Aim of the task: After locating the line with "Rueda poliuretano giratoria" below, output it and each following line exactly, stopping after the line with "1. In Drosophila, maternal". No pictures.

Supplied information:
# # #

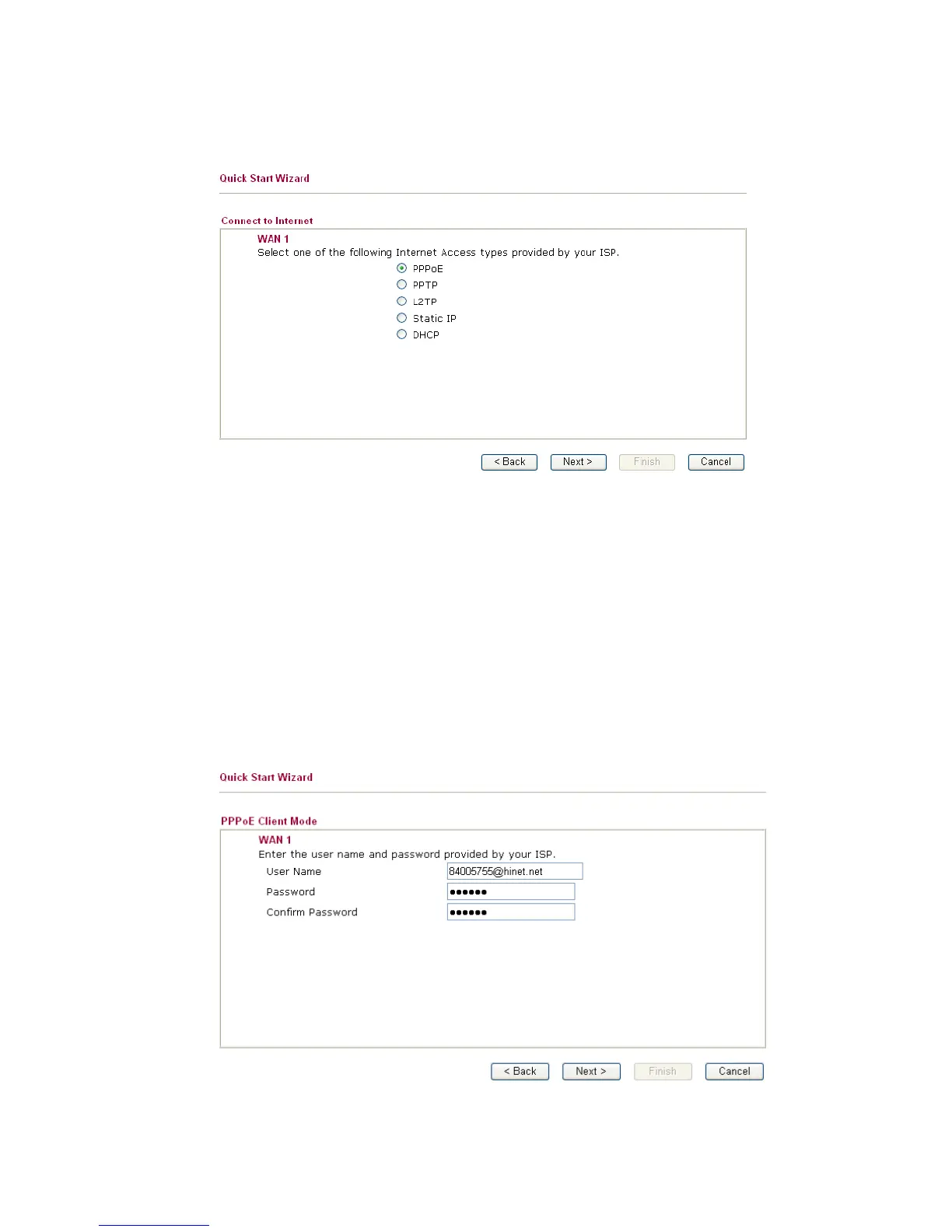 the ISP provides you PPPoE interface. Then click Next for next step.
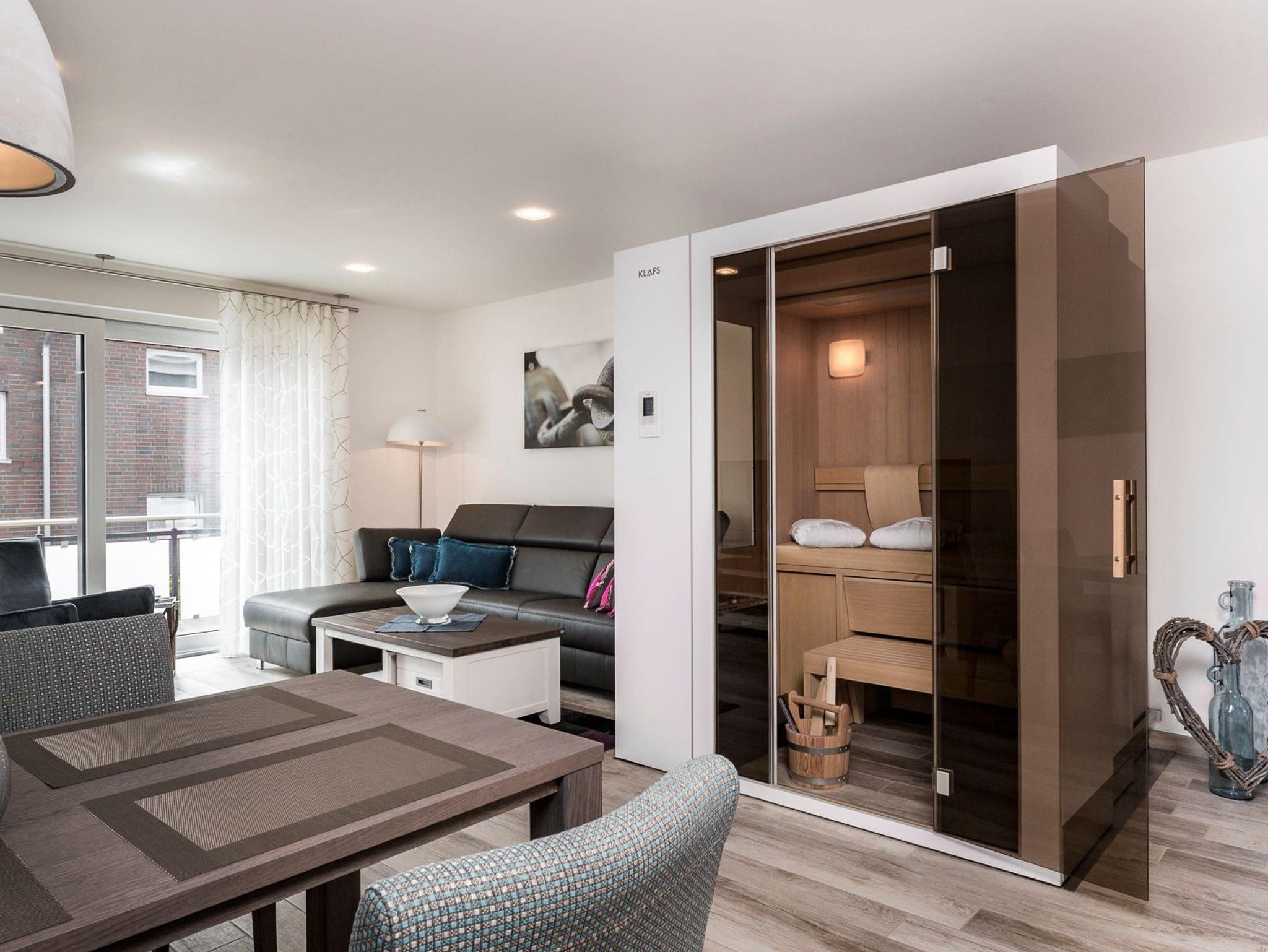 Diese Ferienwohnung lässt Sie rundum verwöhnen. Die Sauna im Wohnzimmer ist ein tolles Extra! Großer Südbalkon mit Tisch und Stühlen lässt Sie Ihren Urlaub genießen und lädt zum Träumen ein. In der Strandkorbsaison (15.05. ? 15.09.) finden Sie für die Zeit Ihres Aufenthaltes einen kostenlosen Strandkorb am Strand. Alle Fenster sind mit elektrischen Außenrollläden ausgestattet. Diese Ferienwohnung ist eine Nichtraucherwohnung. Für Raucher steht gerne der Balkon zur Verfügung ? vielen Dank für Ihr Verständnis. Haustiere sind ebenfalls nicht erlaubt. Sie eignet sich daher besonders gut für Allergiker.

# # #

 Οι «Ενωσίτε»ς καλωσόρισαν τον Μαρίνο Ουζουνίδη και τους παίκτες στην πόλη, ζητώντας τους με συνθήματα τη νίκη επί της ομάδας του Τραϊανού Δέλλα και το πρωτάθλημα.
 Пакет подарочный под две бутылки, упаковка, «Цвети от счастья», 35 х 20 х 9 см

# # #

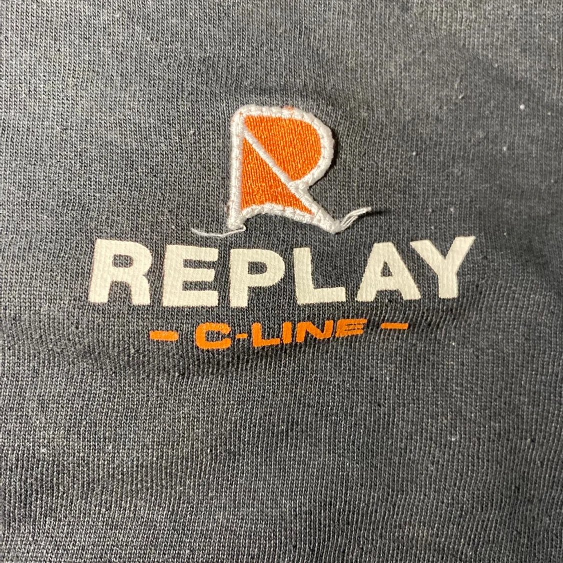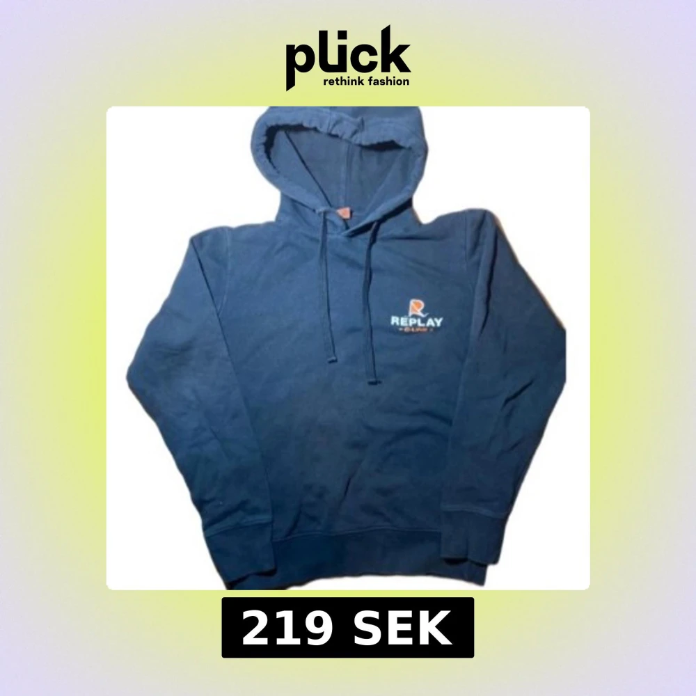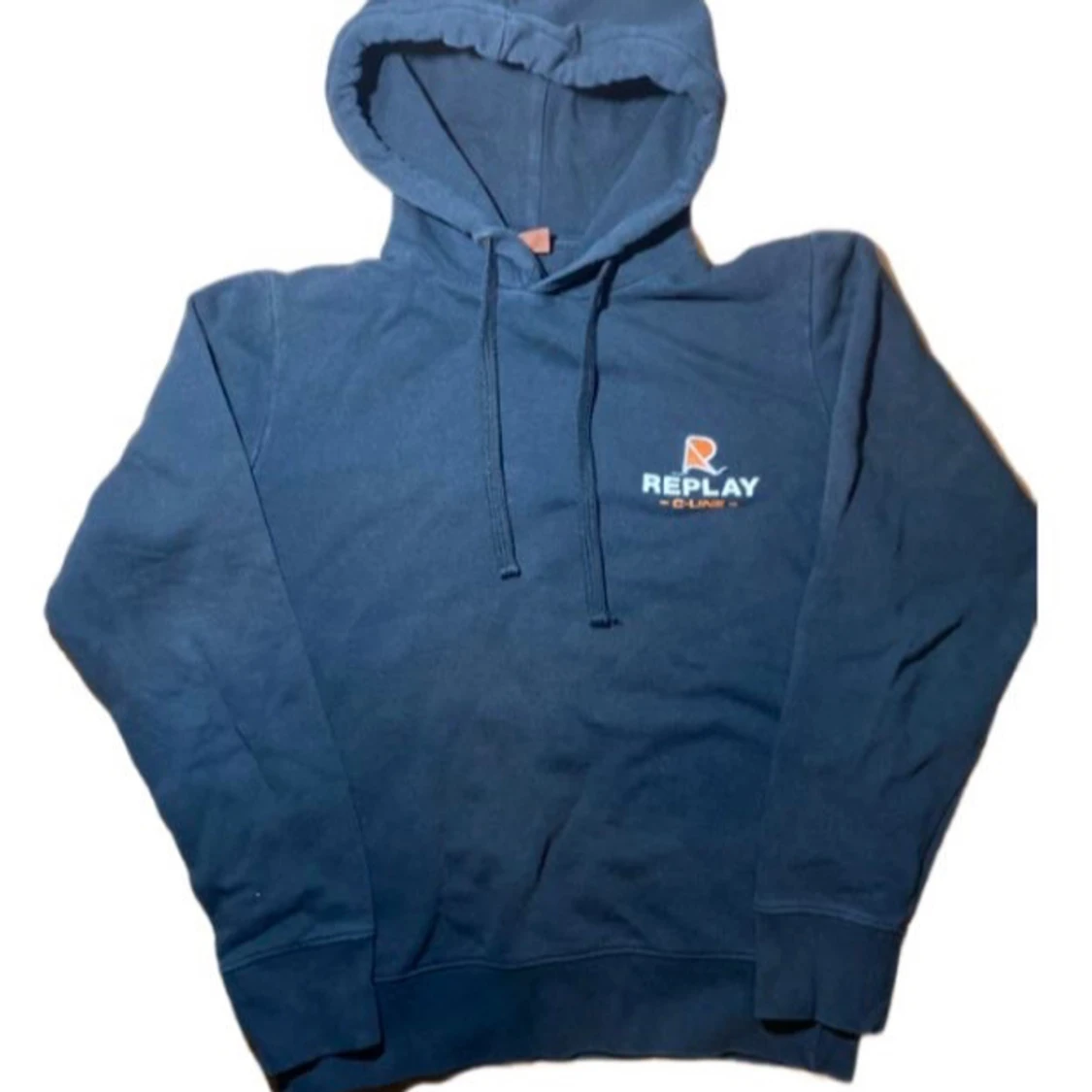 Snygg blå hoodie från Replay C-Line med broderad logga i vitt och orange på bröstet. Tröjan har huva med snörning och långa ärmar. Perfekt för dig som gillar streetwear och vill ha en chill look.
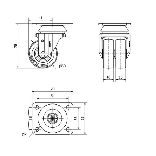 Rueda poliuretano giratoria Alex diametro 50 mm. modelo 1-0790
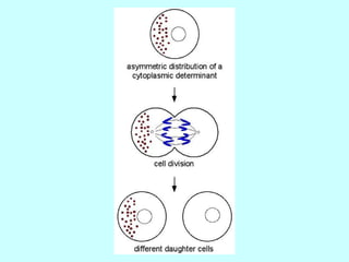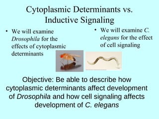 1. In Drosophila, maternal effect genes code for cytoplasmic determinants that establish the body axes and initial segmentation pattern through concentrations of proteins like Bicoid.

# # #

Answer for this exercise:
 Rueda poliuretano giratoria Alex diametro 50 mm. modelo 1-0790
 1. In Drosophila, maternal effect genes code for cytoplasmic determinants that establish the body axes and initial segmentation pattern through concentrations of proteins like Bicoid.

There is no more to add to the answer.